先生は世界平和を実験している 作:飛鳥=R♯
ティルナノーグ。
それは聖戦と呼ばれる血みどろの生存競争が繰り広げられていた中で、一部の政府高官が価値を失おうとしていた地球から、足を踏み入れて間もない月へと逃げる為に作り出した方舟。
聖戦が終結すると共に方舟の存在は忘れられ、歴史の闇に消えていくかと思われていた。
一人の男がその存在に目をつけ、己の目的の為に起動させるまでは。
「飛鳥ッ!何処にいる?」
手製のスペースシャトルで月面へと向かい、ティルナノーグへの着艦を果たしたフレデリックは開口一番、方舟全体に響き渡る程の大声で呼びかけた。
呼びかけに対する返答はなく、フレデリックは舌打ちする。
「なるほど、どうやら本当にいやがらねえようだ」
「今のでわかるの……?」
無理矢理連れてこられたジャック・オーはフレデリックが呼びかけた程度で方舟の主人が不在だと認識した事に困惑し、首を傾げた。

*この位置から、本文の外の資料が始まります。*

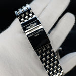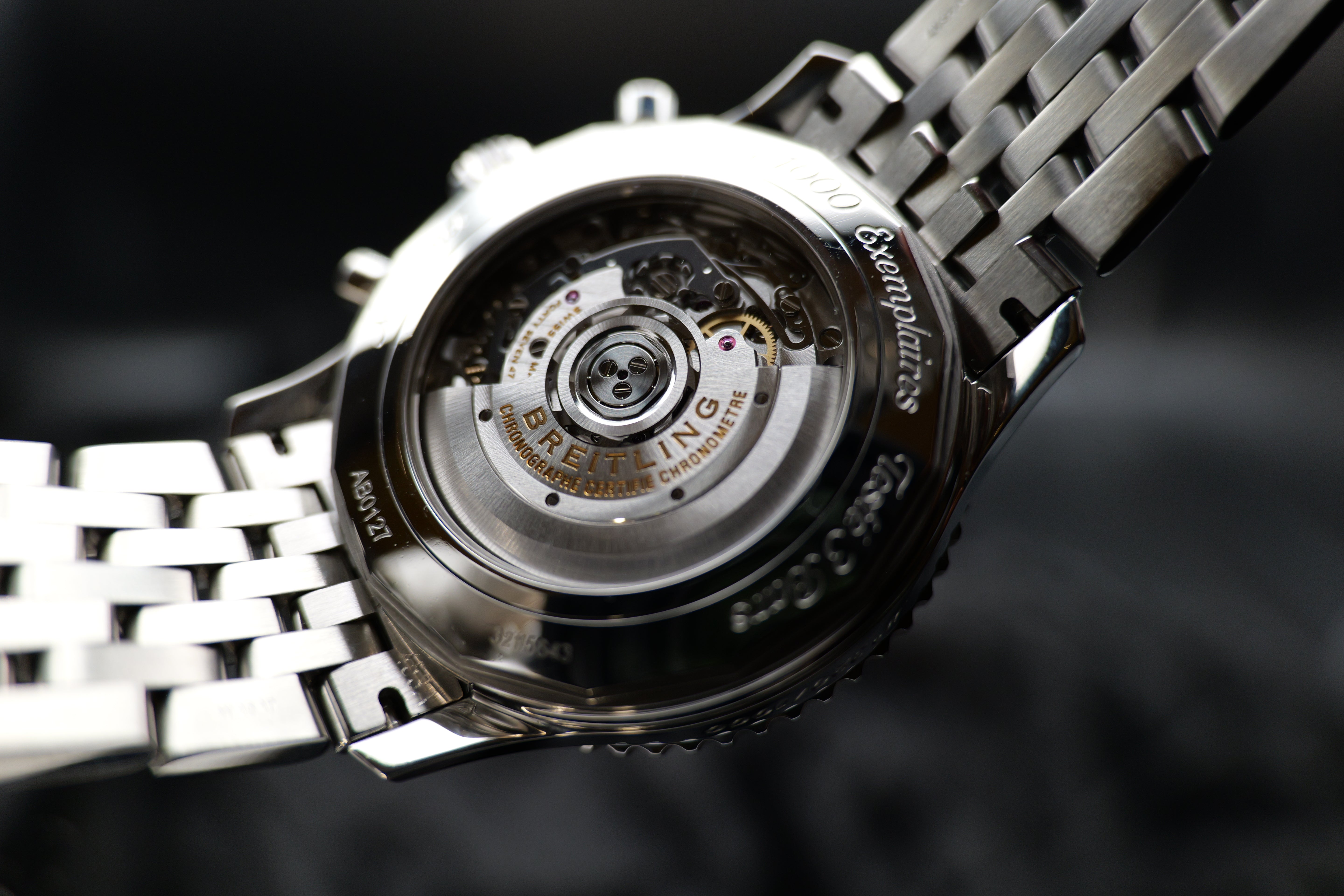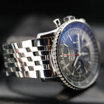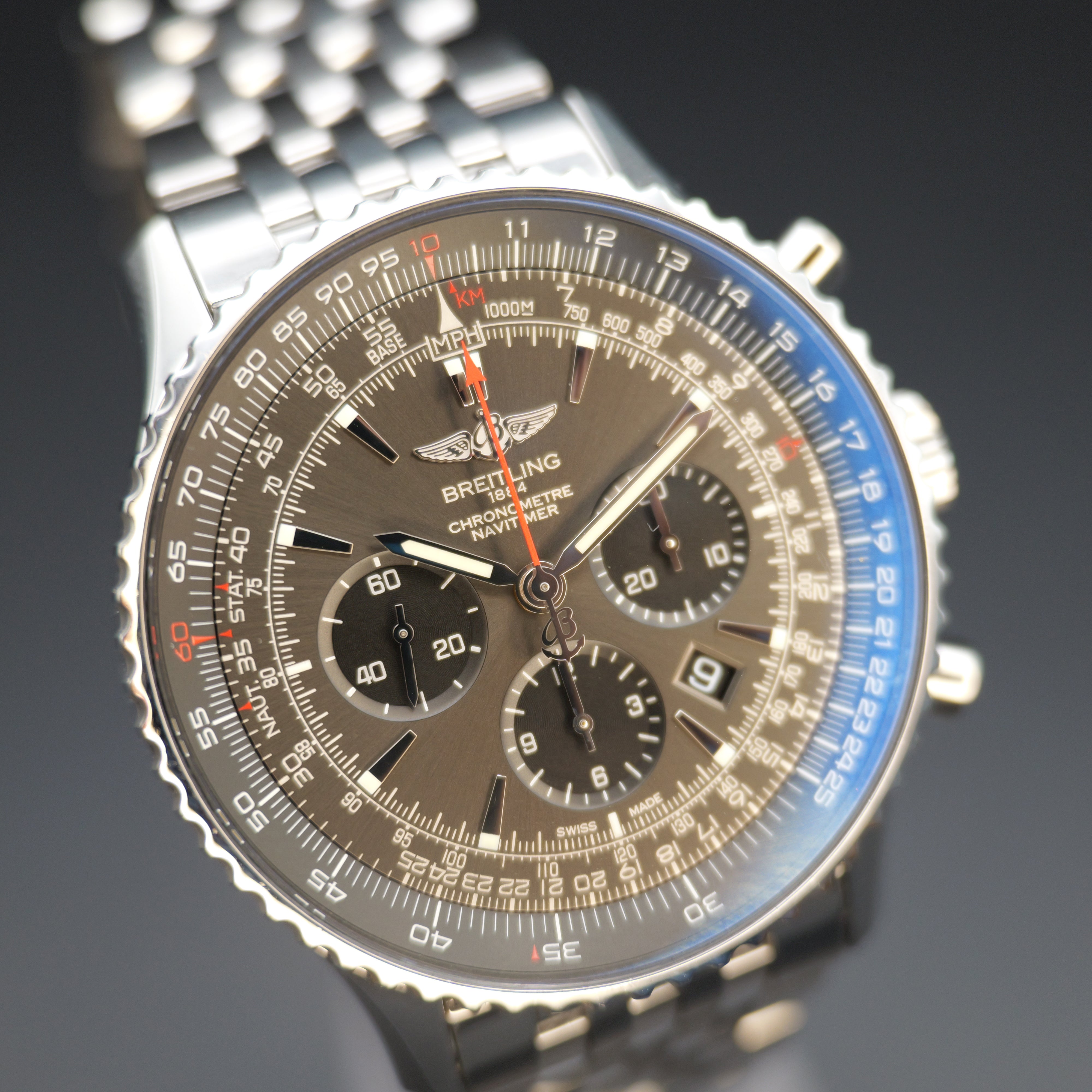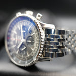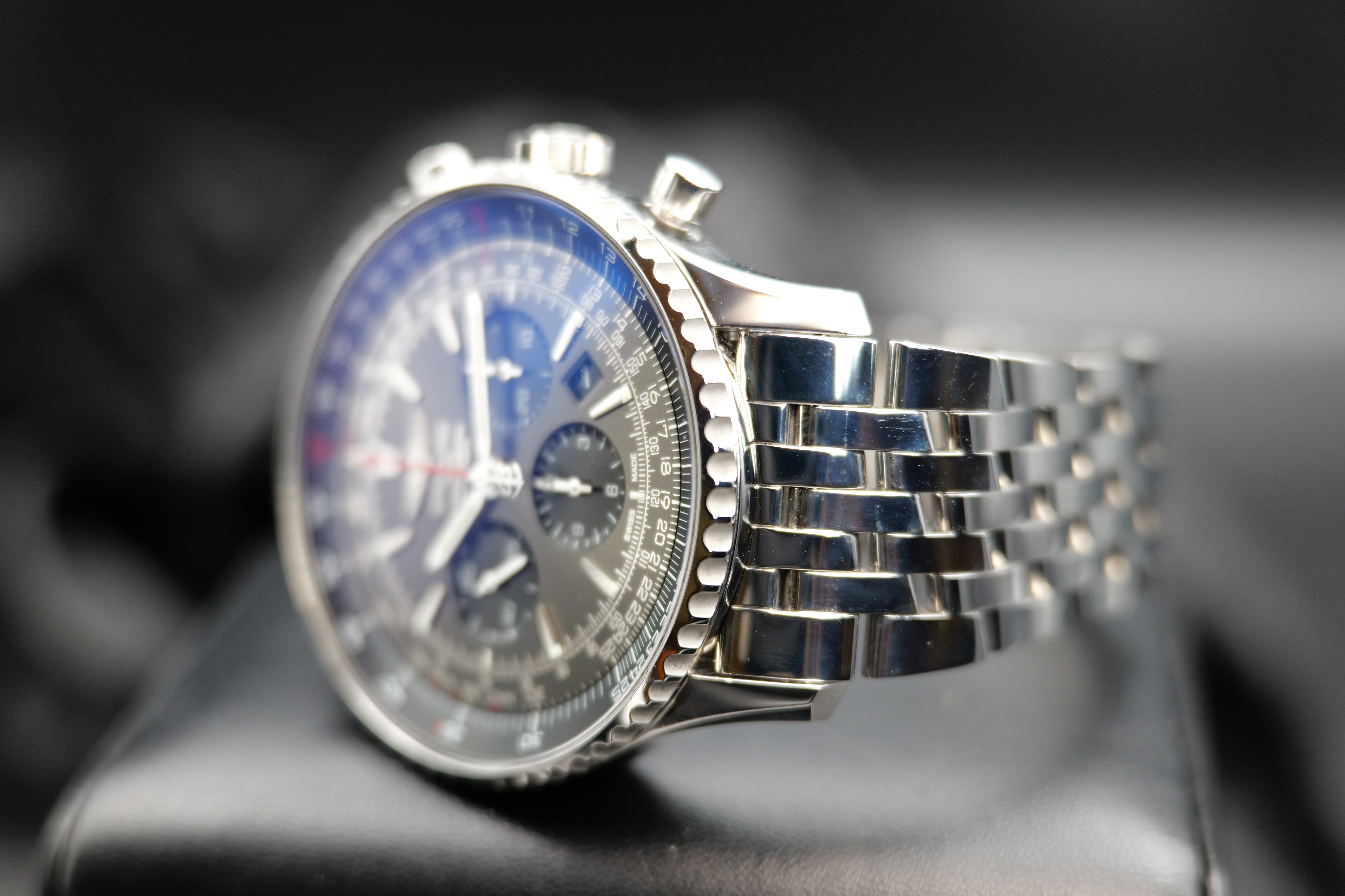 Up for sale is the Breitling Navitimer AB01271A/F570 46MM Stainless Steel Black Dial chronograph, Includes Breitling International Warranty card, Double Boxed, Breitling certificate, Maintenance booklet, Breitling Navitimer 101, Instruments for professionals, Instruction booklet, Chronometer Certificate. Watch is dated 2017. MSRP $10,000. It was recently placed on a timegrapher and is running well. All of our watches are photographed under high intensity light with a macro lens. Any flaws will be significantly magnified. The serial numbers have been blurred for privacy. Timepiece is like new, has little to no signs of wear, and is located in Indiana.

ティルナノーグは人間が数百人は居住できる広大なスペースを持っており、とてもではないがこれほどの広さを持つ敷地で人間一人を探すのは骨が折れる事だろう。側から見れば、フレデリックが適当に捜索を打ち切ろうとしているかに見える。
「考えてみろ。野郎がデケえ声を出す客を迎え入れないはずがねぇ。そういうところは無駄にしっかりしてるからな」
「……そうね。飛鳥君の性格なら、ティルナノーグ内のあらゆる出来事に目を光らせるはず。フレデリックの声を聞いて姿を現さないはずがないわ。じゃあ、本当に?」
「彼の研究室へと案内しよう」
二人の横を飛鳥=R♯が慣れた様子で通り過ぎていく。飛鳥本人が作り出した彼のコピーである為に知識の共有も行われているのだろう、慣れた様子だ。
フレデリックとジャックも続き、入口を抜けた辺りで大通りらしきエリアに辿り着く。人々が暮らせる様にと文明を模倣したコロニーである。少し古臭い建物が立ち並び、街路樹が等間隔で植え付けられている。
「以前はもう少しホコリが積もっていた。何しろ聖戦時に作られたものだからね。けれど僕が……君達の知る飛鳥がここを改築したんだ。彼は、きっとここを自分の墓にするつもりだったんじゃないかな」
「終活って体じゃねえとは思うがな。それより、さっきからそこら中にいるアレはなんだ?」
フレデリックが指差した先には、街路樹を整備している真っ白なマシーンがいる。電子音を鳴らしながら作業を行う姿は可愛らしく、ジャックが「ワオ」と声をあげる。
「飛鳥が作ったビットだよ。彼は肉体労働が向いていないからね、自分の代わりにティルナノーグを整備する要員を作り上げたんだ」
「ハッ……なんとまあ、一人でここまで仕上げやがったのか。最強の魔法使いってのは伊達じゃないと改めて理解した」
「僕が知っている限りだと、ルーブゴールドバーグマシンで蕎麦を打っていたりもしたよ」
「い、意外と楽しそうな事もしてるのね……」
「一人が好きな奴だからな。壁と喋ってろなんて冗談でも言ってみろ、本気で壁に向けて話し始める。そういう奴だ」
「わあ、想像できる……凄い」
「観光しているところ申し訳ないが、少し急いでも良いかな?」
R♯が眉をひそめて嗜めてくる。フレデリックは無言で頷き返すと、口を真一文字に結んだ。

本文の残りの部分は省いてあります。